» Task directions
Return each entry word for word, without its pictures.

» The input
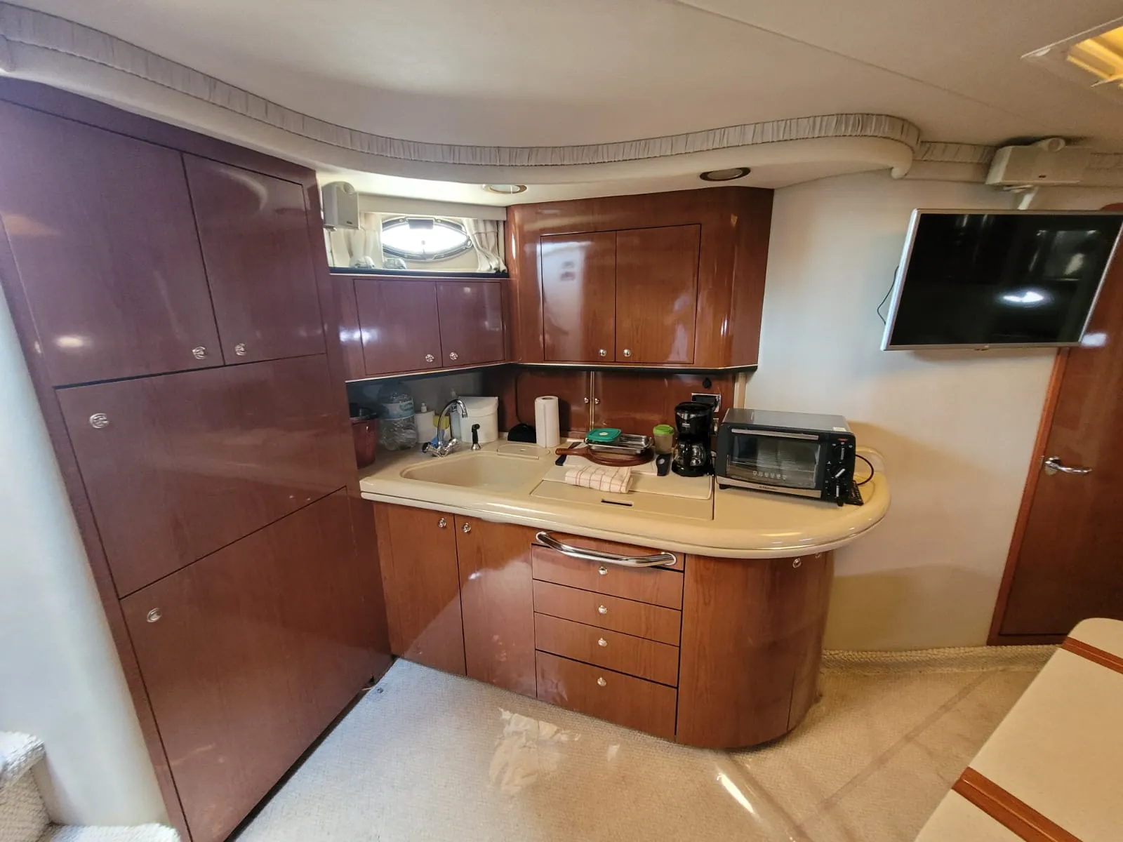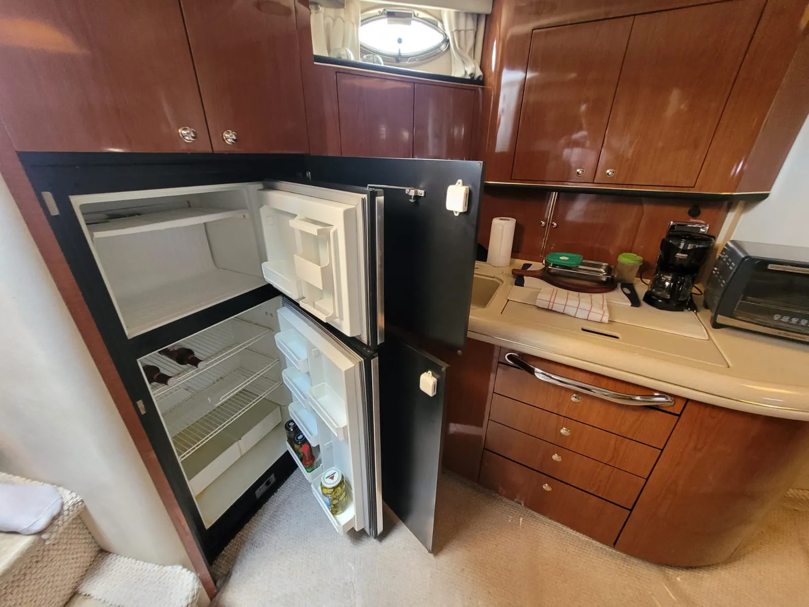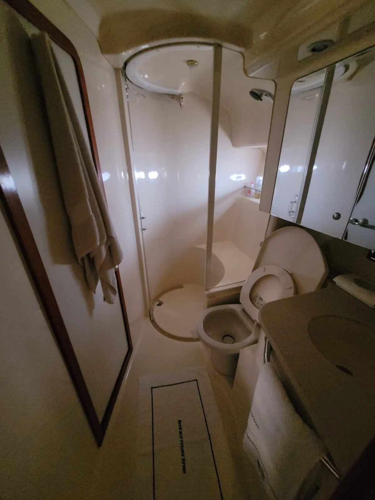 O interior da 515 Sundancer foi projetado para o máximo conforto e conveniência. A embarcação possui dois camarotes privativos, ambos elegantemente decorados. A suíte master na proa, e o segundo camarote com camas de solteiro ou uma cama de casal, garantem privacidade e descanso para todos a bordo. Com dois banheiros completos, o iate oferece toda a praticidade necessária. O salão principal é amplo e bem iluminado, com uma cozinha completa e área de estar para socialização.
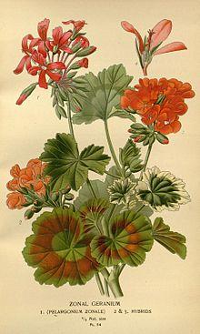 The ancestors of Pelargonium zonal group are two species of wild pelargoniums of South Africa called Geranium Africanum. In the following century, Carl Linnaeus gave them a binomial name, Geranium zonal and Geranium inquinans (in Species Plantarum 7 , 1735), then the heir reclassified them in the genus Pelargonium. But this name will only be widely accepted in the 19th century, and in the meantime varieties and horticultural hybrids of these species were a great success with gardeners, they kept the habit they had taken to call them "geraniums", a term that was unambiguously in context.
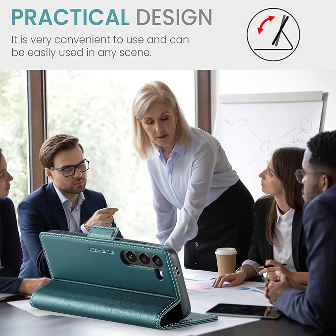 - [Multifunctional] This Galaxy S24 Flip Wallet Leather Case with Adjustable Stand frees up your hands by allowing you to watch videos or movies at the best angle.Whether you're studying,working,exercise or entertainments, this wallet case will meet your needs.
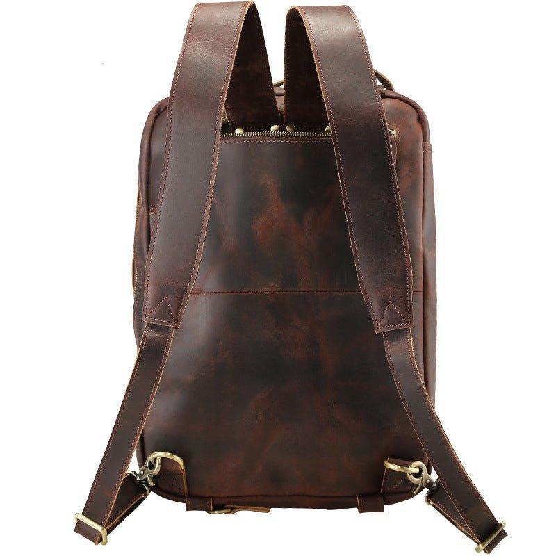 Premium Material: Retro Convertible Messenger Backpack is made of quality real full grain leather, high quality hardware, 2mm thickness.Strong double stitched seams,shoulder strap is adjustable and removable.
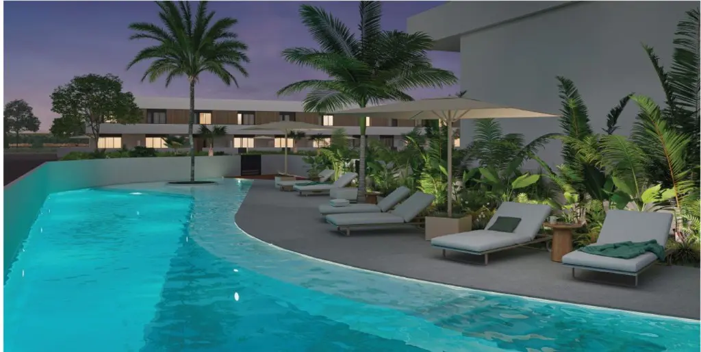 This complex offers a swimming pool, ideal for relaxation or exercise during warm months. All units adhere to modern building standards. The properties also include pre-installation for a central air conditioning system, addressing climate needs throughout the year. Additionally, bathrooms and kitchens come furnished, which can simplify the moving process.
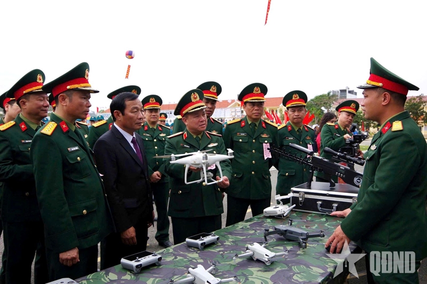 | Các đại biểu tham quan sáng kiến, mô hình, học cụ huấn luyện trong Lễ ra quân huấn luyện tại Trung đoàn 50, Bộ CHQS TP Hải Phòng (tháng 3-2026). Ảnh: NGỌC KHOA |
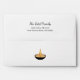 Diwali Celebration envelope, with a black and gold diya flame lamp design. With black customisable text, you add your own lettering. The inside has a gold glitter background, an elegant way to plan your Festival of Lights party or family gathering.
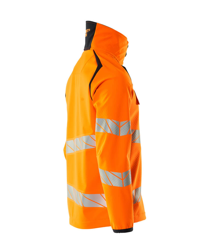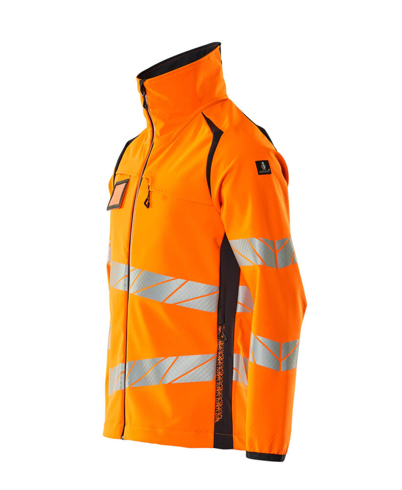 Fluorescent(e) avec bandes rétroréfléchissantes transversales en biais. Coupe-vent, hydrofuge et permettant au corps de respirer. Coupe moderne, plus près du corps mais offrant une excellente liberté de mouvement. Col montant. Bicolore. Fermeture zippée et rabat coupe-vent à l'intérieur. Poche poitrine zippée. Poches latérales avec fermeture zippée étanche. Poches intérieures. Elastique aux poignets. Taille ajustable à l'aide d'un cordon élastique de serrage. Porte-badge amovible.

» Response to this exercise
 O interior da 515 Sundancer foi projetado para o máximo conforto e conveniência. A embarcação possui dois camarotes privativos, ambos elegantemente decorados. A suíte master na proa, e o segundo camarote com camas de solteiro ou uma cama de casal, garantem privacidade e descanso para todos a bordo. Com dois banheiros completos, o iate oferece toda a praticidade necessária. O salão principal é amplo e bem iluminado, com uma cozinha completa e área de estar para socialização.
 The ancestors of Pelargonium zonal group are two species of wild pelargoniums of South Africa called Geranium Africanum. In the following century, Carl Linnaeus gave them a binomial name, Geranium zonal and Geranium inquinans (in Species Plantarum 7 , 1735), then the heir reclassified them in the genus Pelargonium. But this name will only be widely accepted in the 19th century, and in the meantime varieties and horticultural hybrids of these species were a great success with gardeners, they kept the habit they had taken to call them "geraniums", a term that was unambiguously in context.
 - [Multifunctional] This Galaxy S24 Flip Wallet Leather Case with Adjustable Stand frees up your hands by allowing you to watch videos or movies at the best angle.Whether you're studying,working,exercise or entertainments, this wallet case will meet your needs.
 Premium Material: Retro Convertible Messenger Backpack is made of quality real full grain leather, high quality hardware, 2mm thickness.Strong double stitched seams,shoulder strap is adjustable and removable.
 This complex offers a swimming pool, ideal for relaxation or exercise during warm months. All units adhere to modern building standards. The properties also include pre-installation for a central air conditioning system, addressing climate needs throughout the year. Additionally, bathrooms and kitchens come furnished, which can simplify the moving process.
 | Các đại biểu tham quan sáng kiến, mô hình, học cụ huấn luyện trong Lễ ra quân huấn luyện tại Trung đoàn 50, Bộ CHQS TP Hải Phòng (tháng 3-2026). Ảnh: NGỌC KHOA |
 Diwali Celebration envelope, with a black and gold diya flame lamp design. With black customisable text, you add your own lettering. The inside has a gold glitter background, an elegant way to plan your Festival of Lights party or family gathering.
 Fluorescent(e) avec bandes rétroréfléchissantes transversales en biais. Coupe-vent, hydrofuge et permettant au corps de respirer. Coupe moderne, plus près du corps mais offrant une excellente liberté de mouvement. Col montant. Bicolore. Fermeture zippée et rabat coupe-vent à l'intérieur. Poche poitrine zippée. Poches latérales avec fermeture zippée étanche. Poches intérieures. Elastique aux poignets. Taille ajustable à l'aide d'un cordon élastique de serrage. Porte-badge amovible.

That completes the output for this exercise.